The next change is when the leaves start falling from the trees and our focus shifts toward the forest: the cornucopia of mushrooms, nuts, and berries, coupled with the best of the game. During the end of September, October, November, and December the menu again condenses, maybe organized around whichever game animal might be the centerpiece of the meal. A teal for two, a goose for six, perhaps a leg of moose for eight, and anything in between. Every slice carefully cooked and considered, the innards, each cut of meat, the skin.

And that’s the flow of the year. A true reflection of the landscape at that moment, the unique flavor of that point in time. Three distinct seasons, with a myriad of microseasons within each of them.

It took us a while to figure this all out. Like I said, we’ve been planning for the change for years. That’s why it’s great for me to announce that at the end of December 2016, we will run our last service at Noma.

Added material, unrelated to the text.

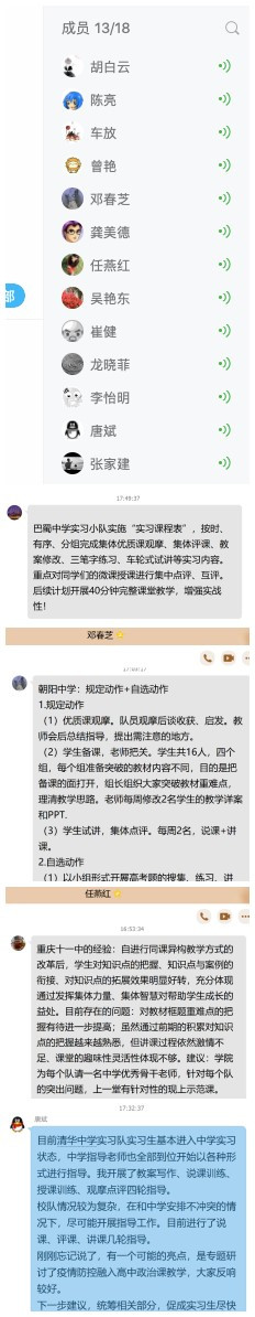 曾艳副书记也对指导教师们高度负责的态度、勇担重任的精神以及扎实有序的指导工作表示衷心感谢和高度赞赏。并对指导教师们提出的一些问题作出了积极回应:一是对于实习生投入度参差不齐的情况,后期会让辅导员跟进并与教师们进行对接,共同推进全体实习生的积极参与;二是会将实习生作为提前返校的特殊群体上报学校,以帮助实习生能够尽早进入中学开展实习活动,确保实习质量。

Because we are moving to an incredible new space as we continue to build our community and figure out what it means to be a cook in this region. To keep exploring food and flavor, in a new place where we can dream. A place where we can build a farm right in the city. Where we can grow our own food, a place where we can keep pushing.

We have spent the last twelve years trying to figure out what it means to be a chef in the Nordic region, and now we are ready to start that restaurant we have been practicing for.